If there are dexterity issues with small knobs or mobility issues getting to the door, it can be particularly helpful to enable people to use voice commands to stay independent in their own home.

Cheaper alternatives to smart technology now exist with plug in tools starting at $20-$40.

An alternative to expensive smart technology can be plugging devices into smart electricity plugs to be controlled with voice commands.

For added security and peace of mind, smart doorbells have video cameras that enable loved ones and caregivers to keep an eye on who’s at the door. They help monitor the comings and goings from the dwelling remotely through an associated app. 

Major retailers such as JB Hi-Fi, The Good Guys, Bunnings and Officeworks, K-Mart and Ikea all sell smart lighting, electricity plugs, doorbells and sensors. 

More appliances including fridges, microwaves and even washing machines are coming onto the market with smart features. You can find guides from CHOICE that will step you through the process of setting up smart devices.

And what’s not to love about having a helping hand with the house cleaning?
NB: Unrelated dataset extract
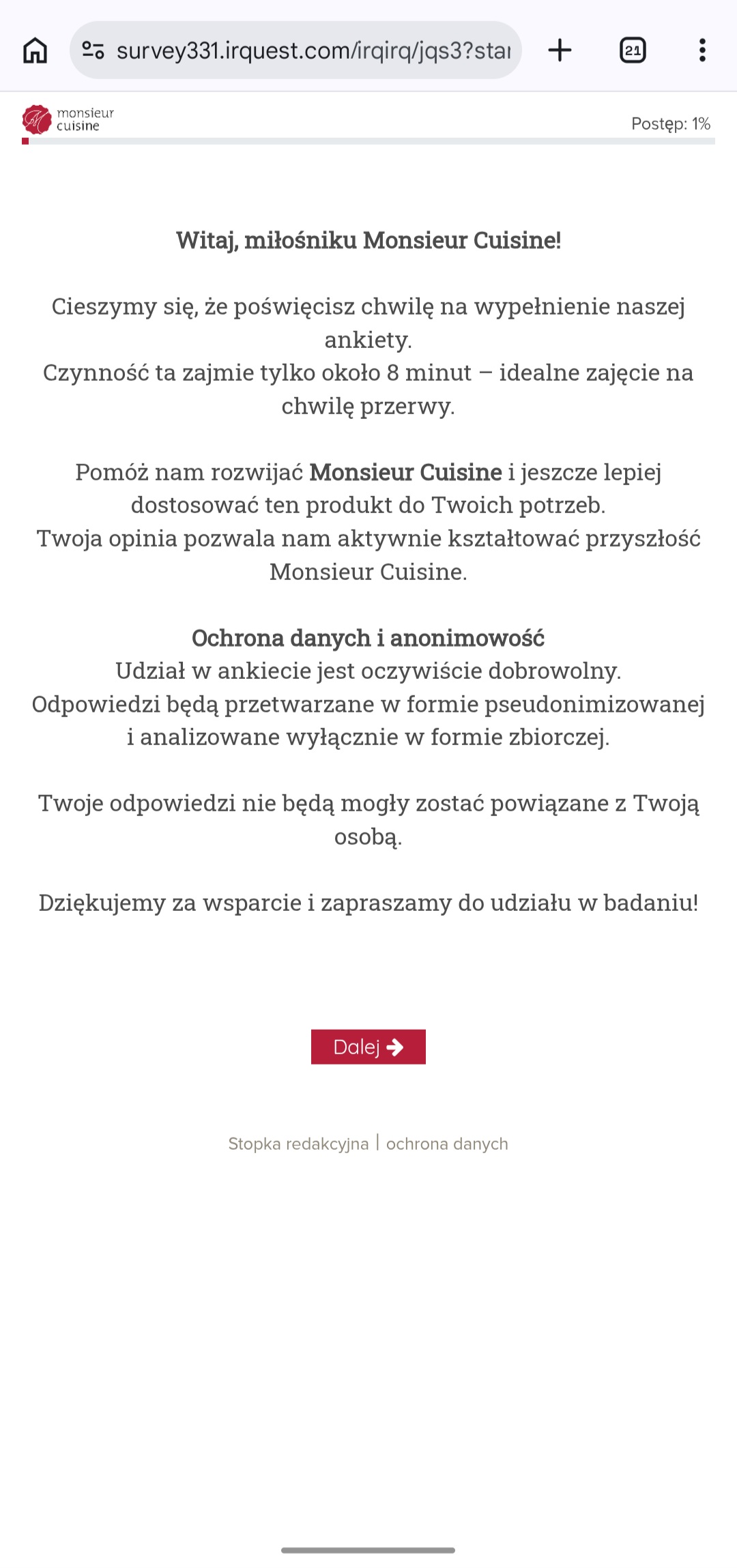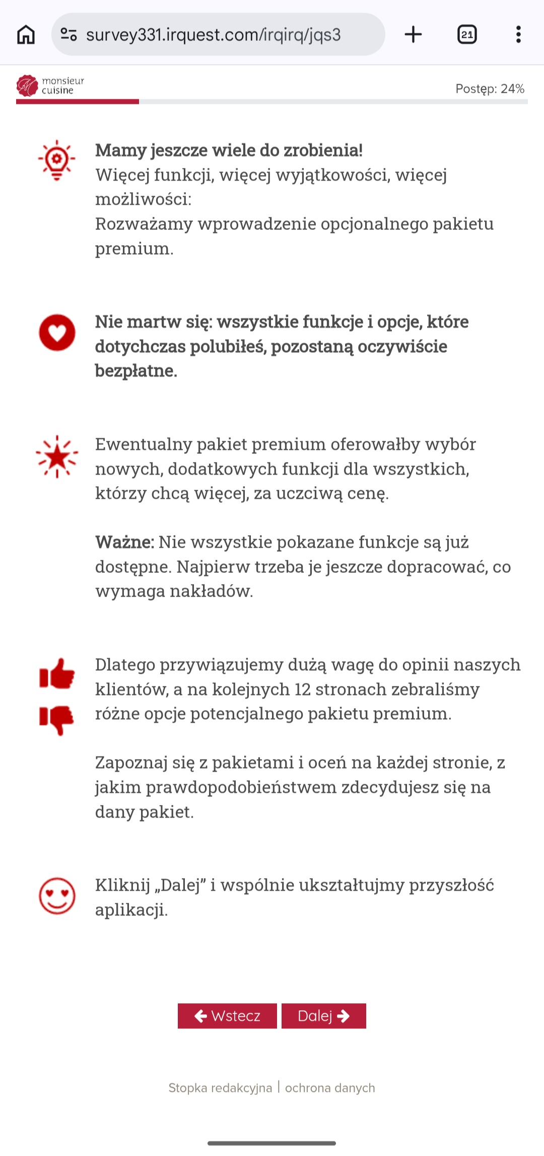 Dotychczas aplikacja i cały ekosystem Lidlomiksów był w pełni darmowy, jednak najnowsza ankieta może sugerować, że w przyszłości niemiecki producent zmieni podejście, choć nie do końca. Jeśli otworzysz aplikację Monsieur Cuisine, najprawdopodobniej zobaczysz okno zachęcające do udziału w dobrowolnej, anonimowej ankiecie.

Enter the robotic vacuum cleaner that can take over the tedious task of keeping floors clean. 

These can be controlled and scheduled through an app to avoid getting underfoot and some will even mop floors too. Again, major retailers sell robot vacuums but do your research and read reviews as the prices and quality varies between different brands.

Use digital tools to stay active and in the loop

Video calls offer a way to allow virtual face-to-face contact with family and friends, helping to bridge the gap caused by physical distance. Read more on how to stay digitally connected with grandchildren.

With a smartphone, laptop or tablet, it’s possible to use Skype, Facebook Messenger or What’sApp that puts loved ones in reach with a few clicks. There is also a helpful online guide from BeConnected, a government service to help people securely connect and use technology.

There are also dedicated devices with monitoring such as the Genus, an internet-connected photo frame device that comes with a monitoring subscription to allows video calls, photo sharing and sensors to monitor for changes in light, sound and movement. The device offers alerts if typical patterns change. It costs around $1000 to buy the frame and a 12-month subscription to the app.

Virtual home exercise programs

Staying physically active is crucial for everyone, and home exercise programs are a convenient way to help maintain fitness. Read more about the power of exercise to keep us healthy in Citro’s longevity guide and strength training articles.

YouTube channels like Senior Fitness with Meredith or Active Seniors Health Centre are good to deliver virtual fitness routines that can be done at home. 

Online exercise programs are also available through websites such as Safe Exercises at Home, Active & Healthy, Integrated Living and Active Ageing Australia.  

For brain exercises to prevent cognitive decline, devices like tablets and laptops can be used with programs to help with memory, cognition and entertainment. 

There’s an online gym for your brain, BrainGymmer, and apps such as CogniFit, Peak and Elevate for help with cognitive skills. Braingle has puzzles, trivia and games. Even Citro has free online Sudoku, word search and code cracker.

Other tech-enabled help services

Getting around can be a challenge for people with mobility issues. Rideshare service Uber Assist offers help with certified drivers. 

A new American service called GoGoGrandparent has launched in Australia to help screen and improve the reliability of partners like Uber and DoorDash to deliver meals and medication for people who want to live independently in their home for as long as possible.

The Australian Government has a dedicated site called BeConnected that has a wide range of informative guides and articles to help all Australians with digital skills and online safety. National Seniors also offer a tech hub with informative guides.

There are many ways technology can help keep people living in their own home for longer, especially if you select the right solutions for a person’s specific needs.